Canada’s Innocent Gun

The Canadian brew

A beautiful coincidence… I have just been writing about Innis & Gunn Original, the Scottish oak-aged beer, for the upcoming Holiday issue of the LCBO magazine Food & Drink, when what should appear on my doorstep but the new, brief star from the brewery produced in honour of Canada Day. Innis & Gunn is an accidental work of art. The story goes that a whisky distillery decided to temper some bourbon casks they were intending to use for their whisky by filling them with ale. The ale remained in the casks for 37 days and was then poured out. The experiment worked and the distillers (Wm. Grant & Sons) ordered more. Meanwhile the brewers tasted the no-longer-wanted ale and found that it was amazing! Oak-aged! Complex and profound and full of oaky-whisky aromatics. (Full disclosure: it was the Caledonian Brewery in Edinburgh; the brothers who made the discovery and went on to develop the notion of oak-aged beer are Neil Innis Sharp and Douglas Gunn Sharp – hence the name Innis & Gunn, also known as Innocent Gun in the UK…)

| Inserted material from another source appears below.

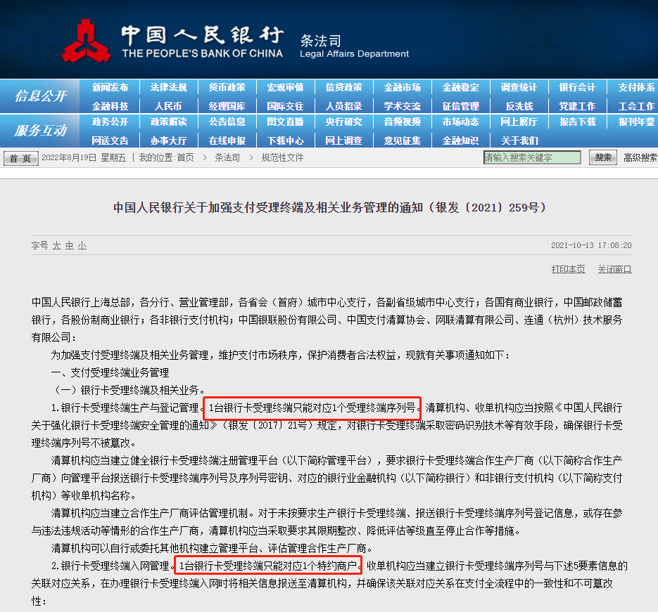 2021年10月13日,中国人民银行发布《关于加强支付受理终端及相关业务管理的通知(银发〔2021〕259号)》(以下简称“259号文”),其中明确规定“1台银行卡受理终端只能对应1个受理终端序列号”“1台银行卡受理终端只能对应1个特约商户”,通过“跳码”获取差额收益这条路被堵死,支付机构靠跳码躺赚的好日子可能将会一去不复返。此外支付机构还需要根据人行要求对不符合规定的银行卡受理终端限期内进行改造或更换,机具成本大幅增加,涨费率成了稳营收的必然选择。

Canada embraced the original and the blonde versions of this remarkable beer so whole-heartedly thatfor the last three years Innis & Gunn have produced a special Canada Day beer as an acknowledgement and thankyou to their loyal fans across the ocean. The latest iteration will be in LCBO stores and widely available across Canada while stocks last. It’s extremely delicious – robust, oaky, with a rich, resinous nose of Fuggles hops and oaky vanilla flavours among the malty sweetness. I had thought they might have slapped in some maple syrup or something to Canadianize the brew but they are wiser and more subtle than that. To quote from the smart gift box, “Alongside ale malt we have added Munich malt to give a beautiful biscuit backbone as well as golden oats which have added a wonderful creamy smooth finish. We have used one single variety of Fuggles hops grown in East Kent, England. These have added their signature earthy, rich and resinous hop aromas and character.”

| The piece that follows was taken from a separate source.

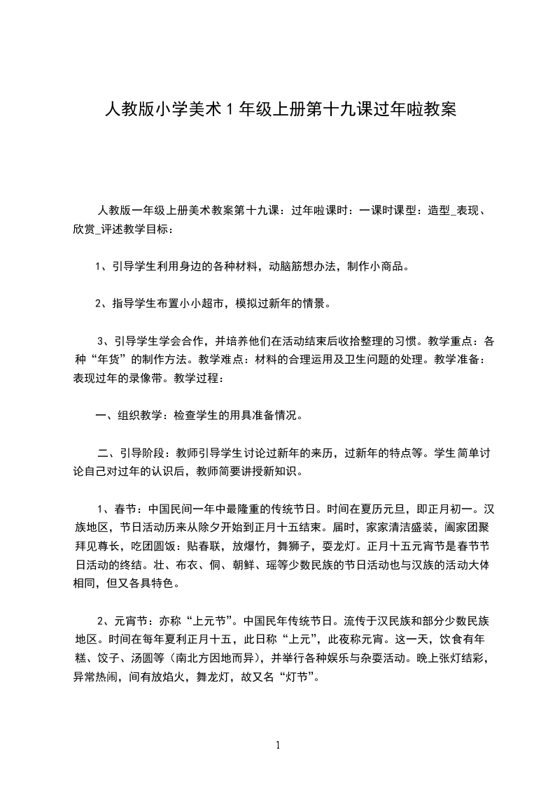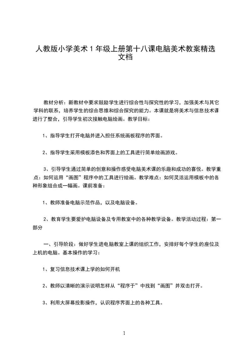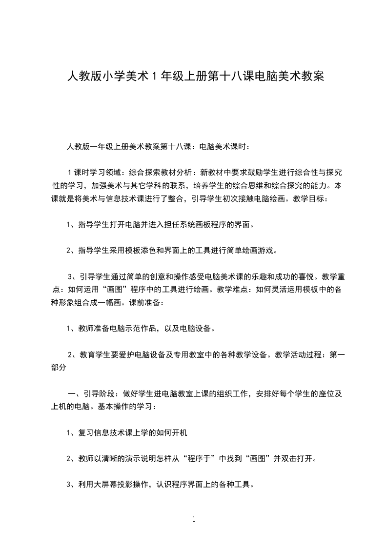 人教版一年级上册美术教案第十八课:电脑美术课时:

I don’t usually quote from back labels because they are usually a tissue of lies but in this case the I&G team is spot on.

And to properly Canadianize the product they have boxed it with artwork by Ontario artist Deborah Colvin, a whimsical image of wild hockey against a map of Canada. Such a lot of trouble for a Scottish brewery to go to just to flatter their Canadian clientele!

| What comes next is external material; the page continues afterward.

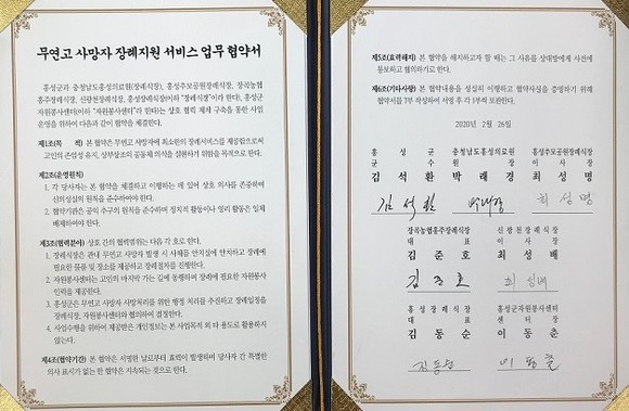 홍성군, 무연고사망자 공영장례 업무협약 체결

This is a strong beer at 8.3% alcohol by volume – kind of a barley wine, which takes me back to my university days and a barley wine served in the Turf Tavern pub off Holywell Street (of blessed memory) and the night when a rugby-playing Goliath threatened me with violence unless I changed my tipple to a Real Ale (CAMRA had just been invented). But I digress. A week ago I would have rejected this oak-aged brew as unseasonal, but then the sun was shining and I was in a T-shirt digging the garden. Now we have chilly Vancouver drizzle and the rich, hearty, malty ale seems entirely à propos.